Usually, the average droplet size is between about 20 nm or 50 nm
and about 500 nm. The terms sub-micron emulsion (SME) and
mini-emulsion are used as synonyms.
[0205] Illustrative oil in water (O/W) nanoemulsions include, but
are not limited to: Surfactant micelles--micelles composed of small
molecules surfactants or detergents (e.g., SDS/PBS/2-propanol);
Polymer micelles--micelles composed of polymer, copolymer, or block
copolymer surfactants (e.g., Pluronic L64/PBS/2-propanol); Blended
micelles--micelles in which there is more than one surfactant
component or in which one of the liquid phases (generally an
alcohol or fatty acid compound) participates in the formation of
the micelle (e.g., octanoic acid/PB S/EtOH); Integral
micelles--blended micelles in which the active agent(s) serve as an
auxiliary surfactant, forming an integral part of the micelle; and
Pickering (solid phase) emulsions--emulsions in which the active
agent(s) are associated with the exterior of a solid nanoparticle
(e.g., polystyrene nanoparticles/PBS/no oil phase).
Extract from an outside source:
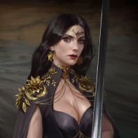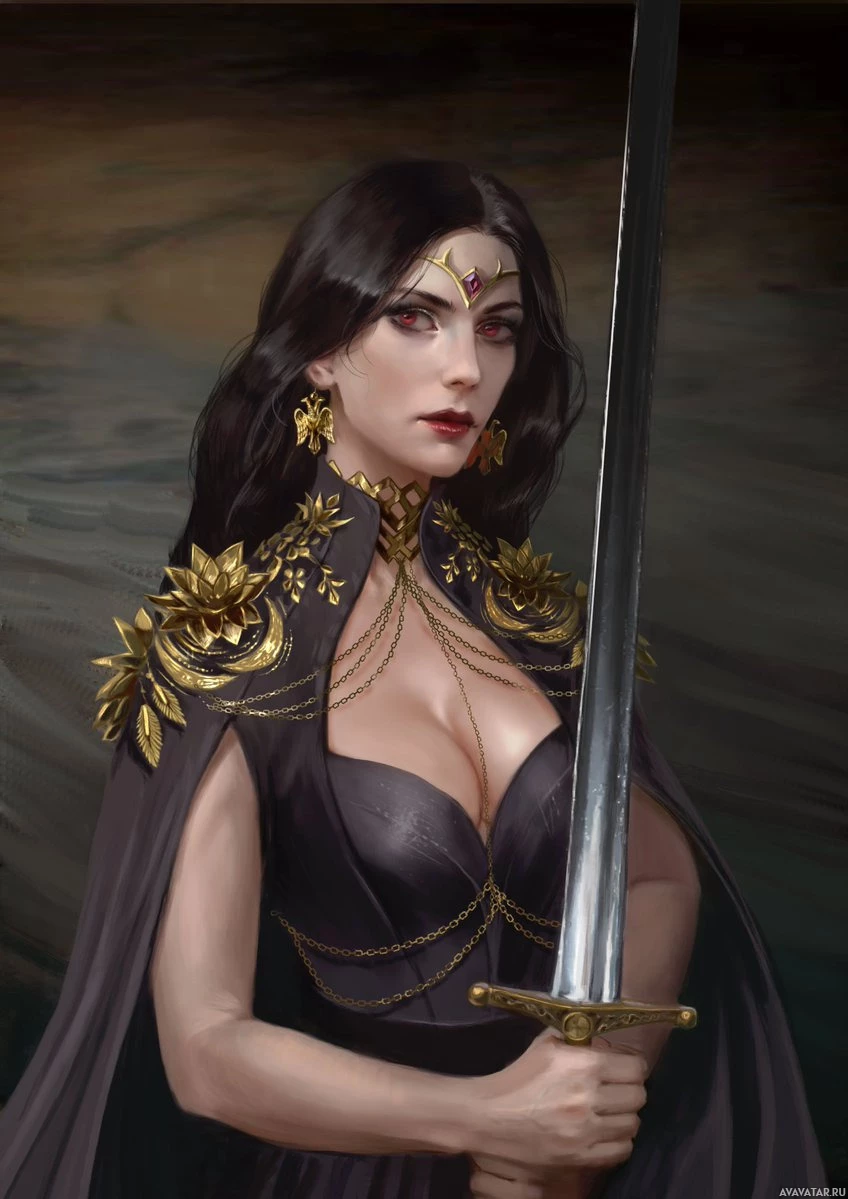 На картинке изображена женщина, которая выглядит как воин или архетип опекуна. У нее темные волосы, и она носит подробный костюм, который включает в себя доспехи, украшения и меч, который держится в одной руке. Ее одежда предполагает, что у нее может быть фантазия или исторический контекст, а ее поза указывает на готовность к битве или защите.

[0206] Illustrative water in oil (W/O) nanoemulsions include, but
are not limited to: Surfactant micelles--micelles composed of small
molecules surfactants or detergents (e.g., dioctyl
sulfosuccinate/PBS/2-propanol, isopropylmyristate/PBS/2-propanol,
etc.); Polymer micelles--micelles composed of polymer, copolymer,
or block copolymer surfactants (e.g., PLURONIC.RTM.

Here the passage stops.